**Task brief:**
The first line of the entries through the line bearing "1. Cut pita": copy these lines exactly and return nothing else.

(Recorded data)
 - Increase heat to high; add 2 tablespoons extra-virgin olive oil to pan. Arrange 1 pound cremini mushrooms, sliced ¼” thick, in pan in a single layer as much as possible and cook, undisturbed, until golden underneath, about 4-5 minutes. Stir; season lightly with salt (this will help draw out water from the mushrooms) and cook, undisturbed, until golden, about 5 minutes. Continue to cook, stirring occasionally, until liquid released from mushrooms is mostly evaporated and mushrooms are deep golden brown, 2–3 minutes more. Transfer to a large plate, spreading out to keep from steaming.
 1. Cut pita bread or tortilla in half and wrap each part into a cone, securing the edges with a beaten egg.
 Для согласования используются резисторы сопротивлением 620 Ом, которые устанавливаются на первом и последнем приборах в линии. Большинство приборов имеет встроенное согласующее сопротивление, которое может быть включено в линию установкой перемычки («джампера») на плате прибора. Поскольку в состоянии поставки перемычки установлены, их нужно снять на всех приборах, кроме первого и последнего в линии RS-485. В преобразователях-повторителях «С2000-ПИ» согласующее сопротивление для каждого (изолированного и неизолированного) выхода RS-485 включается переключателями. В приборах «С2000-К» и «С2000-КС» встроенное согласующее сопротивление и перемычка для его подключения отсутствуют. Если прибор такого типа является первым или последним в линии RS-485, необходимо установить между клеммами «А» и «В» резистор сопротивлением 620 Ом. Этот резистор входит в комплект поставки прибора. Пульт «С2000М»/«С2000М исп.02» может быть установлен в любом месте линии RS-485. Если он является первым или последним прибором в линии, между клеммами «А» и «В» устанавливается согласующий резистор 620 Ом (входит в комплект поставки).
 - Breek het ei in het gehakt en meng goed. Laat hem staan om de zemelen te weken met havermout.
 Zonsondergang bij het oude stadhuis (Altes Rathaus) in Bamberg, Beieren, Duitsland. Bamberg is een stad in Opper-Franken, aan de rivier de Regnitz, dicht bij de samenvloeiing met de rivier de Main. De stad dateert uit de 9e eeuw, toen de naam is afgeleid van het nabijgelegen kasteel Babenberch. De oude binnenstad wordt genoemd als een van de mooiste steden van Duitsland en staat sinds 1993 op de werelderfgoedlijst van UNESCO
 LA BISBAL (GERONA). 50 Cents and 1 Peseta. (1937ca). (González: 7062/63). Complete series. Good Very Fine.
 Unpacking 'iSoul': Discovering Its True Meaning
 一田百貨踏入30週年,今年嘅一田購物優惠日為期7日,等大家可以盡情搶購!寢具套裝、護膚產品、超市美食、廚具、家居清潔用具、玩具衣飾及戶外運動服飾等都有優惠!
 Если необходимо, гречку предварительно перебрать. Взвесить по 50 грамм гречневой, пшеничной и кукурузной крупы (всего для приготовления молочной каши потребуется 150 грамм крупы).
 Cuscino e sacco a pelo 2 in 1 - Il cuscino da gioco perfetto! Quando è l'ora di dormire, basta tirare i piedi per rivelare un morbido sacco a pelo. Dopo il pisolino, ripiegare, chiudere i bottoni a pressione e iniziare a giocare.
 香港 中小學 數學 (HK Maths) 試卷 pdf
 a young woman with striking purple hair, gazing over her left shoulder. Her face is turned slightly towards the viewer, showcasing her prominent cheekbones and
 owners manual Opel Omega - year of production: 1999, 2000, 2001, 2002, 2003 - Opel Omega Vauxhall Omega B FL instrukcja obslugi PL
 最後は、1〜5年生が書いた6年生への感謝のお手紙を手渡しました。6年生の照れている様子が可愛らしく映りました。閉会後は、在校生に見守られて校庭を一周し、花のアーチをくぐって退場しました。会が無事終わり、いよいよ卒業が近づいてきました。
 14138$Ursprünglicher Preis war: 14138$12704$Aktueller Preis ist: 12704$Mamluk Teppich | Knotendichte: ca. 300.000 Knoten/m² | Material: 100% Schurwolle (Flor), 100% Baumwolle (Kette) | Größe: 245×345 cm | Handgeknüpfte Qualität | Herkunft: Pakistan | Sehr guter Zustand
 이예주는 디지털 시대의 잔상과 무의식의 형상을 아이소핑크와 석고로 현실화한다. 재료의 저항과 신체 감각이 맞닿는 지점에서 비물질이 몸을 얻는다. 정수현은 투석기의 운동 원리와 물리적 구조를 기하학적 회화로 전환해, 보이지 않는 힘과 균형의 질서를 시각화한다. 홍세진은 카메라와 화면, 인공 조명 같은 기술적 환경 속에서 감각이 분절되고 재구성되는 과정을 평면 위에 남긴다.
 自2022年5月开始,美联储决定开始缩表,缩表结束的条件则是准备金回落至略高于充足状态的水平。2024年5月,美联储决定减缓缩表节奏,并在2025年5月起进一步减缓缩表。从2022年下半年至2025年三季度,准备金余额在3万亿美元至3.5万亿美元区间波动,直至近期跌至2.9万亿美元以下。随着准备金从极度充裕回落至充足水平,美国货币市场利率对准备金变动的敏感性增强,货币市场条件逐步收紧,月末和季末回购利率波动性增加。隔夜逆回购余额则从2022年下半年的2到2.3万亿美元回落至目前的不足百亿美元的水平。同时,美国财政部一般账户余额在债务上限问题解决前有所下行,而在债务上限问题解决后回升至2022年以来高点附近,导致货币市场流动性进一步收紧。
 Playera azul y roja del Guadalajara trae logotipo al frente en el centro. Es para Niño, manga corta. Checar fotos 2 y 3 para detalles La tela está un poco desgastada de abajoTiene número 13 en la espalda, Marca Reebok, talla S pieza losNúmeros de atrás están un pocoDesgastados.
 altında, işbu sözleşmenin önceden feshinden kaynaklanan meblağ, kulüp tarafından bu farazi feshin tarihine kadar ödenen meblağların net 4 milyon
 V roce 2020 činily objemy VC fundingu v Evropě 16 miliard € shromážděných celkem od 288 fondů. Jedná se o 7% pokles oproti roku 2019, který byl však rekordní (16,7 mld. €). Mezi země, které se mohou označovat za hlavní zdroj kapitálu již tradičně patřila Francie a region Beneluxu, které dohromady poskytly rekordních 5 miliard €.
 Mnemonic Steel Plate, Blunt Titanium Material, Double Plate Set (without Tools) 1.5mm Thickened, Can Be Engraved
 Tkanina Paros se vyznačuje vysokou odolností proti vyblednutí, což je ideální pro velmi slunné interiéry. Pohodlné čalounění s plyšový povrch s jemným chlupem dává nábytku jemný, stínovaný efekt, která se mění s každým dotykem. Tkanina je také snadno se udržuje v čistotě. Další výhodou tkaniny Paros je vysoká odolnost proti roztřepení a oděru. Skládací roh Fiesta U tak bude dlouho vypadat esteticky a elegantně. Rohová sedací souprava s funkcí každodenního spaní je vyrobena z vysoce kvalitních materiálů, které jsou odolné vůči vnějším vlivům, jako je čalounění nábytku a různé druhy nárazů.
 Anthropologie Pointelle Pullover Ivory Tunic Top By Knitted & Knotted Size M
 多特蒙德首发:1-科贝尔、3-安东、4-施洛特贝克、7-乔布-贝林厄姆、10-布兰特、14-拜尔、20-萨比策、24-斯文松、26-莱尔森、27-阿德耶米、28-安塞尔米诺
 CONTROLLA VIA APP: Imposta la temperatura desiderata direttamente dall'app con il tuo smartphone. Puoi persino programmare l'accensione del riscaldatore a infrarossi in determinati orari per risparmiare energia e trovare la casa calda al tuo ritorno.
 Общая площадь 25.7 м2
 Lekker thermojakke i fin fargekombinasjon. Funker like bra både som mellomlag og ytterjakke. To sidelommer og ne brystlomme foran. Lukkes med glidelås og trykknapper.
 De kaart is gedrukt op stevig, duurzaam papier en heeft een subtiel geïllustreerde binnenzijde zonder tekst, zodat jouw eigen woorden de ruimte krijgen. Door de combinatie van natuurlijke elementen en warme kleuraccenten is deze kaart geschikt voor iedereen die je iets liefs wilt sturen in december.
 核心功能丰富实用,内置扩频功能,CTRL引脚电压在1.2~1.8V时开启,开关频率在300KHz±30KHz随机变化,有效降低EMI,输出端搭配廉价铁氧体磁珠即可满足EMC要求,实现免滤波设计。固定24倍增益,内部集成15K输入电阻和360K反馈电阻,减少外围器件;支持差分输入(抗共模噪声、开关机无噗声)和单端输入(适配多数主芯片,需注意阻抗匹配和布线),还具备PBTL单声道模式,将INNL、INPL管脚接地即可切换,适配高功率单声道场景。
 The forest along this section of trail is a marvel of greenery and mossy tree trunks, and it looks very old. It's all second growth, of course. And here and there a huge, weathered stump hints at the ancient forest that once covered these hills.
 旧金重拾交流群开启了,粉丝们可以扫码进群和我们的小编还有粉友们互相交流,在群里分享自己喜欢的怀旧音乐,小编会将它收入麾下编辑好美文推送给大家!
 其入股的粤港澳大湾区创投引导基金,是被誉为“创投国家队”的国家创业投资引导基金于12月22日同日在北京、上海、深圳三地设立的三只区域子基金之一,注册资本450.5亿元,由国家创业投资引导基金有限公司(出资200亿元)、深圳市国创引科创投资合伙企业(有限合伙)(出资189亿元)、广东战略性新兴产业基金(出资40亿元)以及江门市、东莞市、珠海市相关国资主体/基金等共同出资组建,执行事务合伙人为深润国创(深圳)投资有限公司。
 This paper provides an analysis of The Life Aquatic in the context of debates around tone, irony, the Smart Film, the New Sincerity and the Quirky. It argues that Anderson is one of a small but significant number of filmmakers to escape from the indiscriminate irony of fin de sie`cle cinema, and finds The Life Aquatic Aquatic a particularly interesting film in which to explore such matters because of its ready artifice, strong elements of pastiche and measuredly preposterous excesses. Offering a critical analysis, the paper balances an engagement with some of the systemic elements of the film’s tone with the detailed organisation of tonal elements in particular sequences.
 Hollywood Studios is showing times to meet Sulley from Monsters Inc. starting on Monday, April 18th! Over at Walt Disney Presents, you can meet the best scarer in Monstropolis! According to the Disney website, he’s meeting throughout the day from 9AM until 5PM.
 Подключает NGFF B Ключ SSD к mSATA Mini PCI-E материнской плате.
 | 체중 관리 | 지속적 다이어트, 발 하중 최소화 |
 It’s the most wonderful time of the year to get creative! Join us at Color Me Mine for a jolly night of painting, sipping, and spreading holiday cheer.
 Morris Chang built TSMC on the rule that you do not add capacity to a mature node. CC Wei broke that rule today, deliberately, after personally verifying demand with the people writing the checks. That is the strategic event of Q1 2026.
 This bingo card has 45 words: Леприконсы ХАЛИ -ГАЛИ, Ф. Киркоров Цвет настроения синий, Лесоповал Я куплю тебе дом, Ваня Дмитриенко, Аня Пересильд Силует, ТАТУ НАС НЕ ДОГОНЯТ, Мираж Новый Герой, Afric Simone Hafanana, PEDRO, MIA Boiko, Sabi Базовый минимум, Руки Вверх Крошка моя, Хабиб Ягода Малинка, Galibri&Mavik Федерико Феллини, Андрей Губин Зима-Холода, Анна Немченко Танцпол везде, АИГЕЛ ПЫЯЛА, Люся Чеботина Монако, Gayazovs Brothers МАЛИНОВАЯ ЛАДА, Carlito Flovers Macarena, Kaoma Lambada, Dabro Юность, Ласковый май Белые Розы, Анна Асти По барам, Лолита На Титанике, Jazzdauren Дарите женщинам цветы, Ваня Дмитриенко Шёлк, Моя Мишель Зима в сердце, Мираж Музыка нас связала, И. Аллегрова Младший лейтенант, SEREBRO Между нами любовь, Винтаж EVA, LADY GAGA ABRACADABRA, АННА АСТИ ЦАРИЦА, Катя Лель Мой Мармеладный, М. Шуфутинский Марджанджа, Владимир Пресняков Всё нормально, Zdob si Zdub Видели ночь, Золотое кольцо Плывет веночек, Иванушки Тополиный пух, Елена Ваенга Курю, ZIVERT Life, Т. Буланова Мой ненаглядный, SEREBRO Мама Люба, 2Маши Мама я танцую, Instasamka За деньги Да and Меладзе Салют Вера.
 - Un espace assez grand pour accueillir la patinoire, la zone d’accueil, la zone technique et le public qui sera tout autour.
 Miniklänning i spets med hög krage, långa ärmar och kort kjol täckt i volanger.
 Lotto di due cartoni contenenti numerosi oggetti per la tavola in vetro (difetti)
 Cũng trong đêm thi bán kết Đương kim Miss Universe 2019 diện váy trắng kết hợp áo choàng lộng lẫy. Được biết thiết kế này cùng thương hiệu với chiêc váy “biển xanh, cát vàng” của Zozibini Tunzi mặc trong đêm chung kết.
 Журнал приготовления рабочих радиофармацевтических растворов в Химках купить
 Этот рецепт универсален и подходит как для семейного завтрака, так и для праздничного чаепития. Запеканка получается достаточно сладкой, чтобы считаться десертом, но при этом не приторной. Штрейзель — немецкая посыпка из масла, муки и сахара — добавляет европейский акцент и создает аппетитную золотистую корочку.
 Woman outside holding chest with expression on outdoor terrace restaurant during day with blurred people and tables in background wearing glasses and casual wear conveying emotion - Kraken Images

**Answer for this exercise:**
 - Increase heat to high; add 2 tablespoons extra-virgin olive oil to pan. Arrange 1 pound cremini mushrooms, sliced ¼” thick, in pan in a single layer as much as possible and cook, undisturbed, until golden underneath, about 4-5 minutes. Stir; season lightly with salt (this will help draw out water from the mushrooms) and cook, undisturbed, until golden, about 5 minutes. Continue to cook, stirring occasionally, until liquid released from mushrooms is mostly evaporated and mushrooms are deep golden brown, 2–3 minutes more. Transfer to a large plate, spreading out to keep from steaming.
 1. Cut pita bread or tortilla in half and wrap each part into a cone, securing the edges with a beaten egg.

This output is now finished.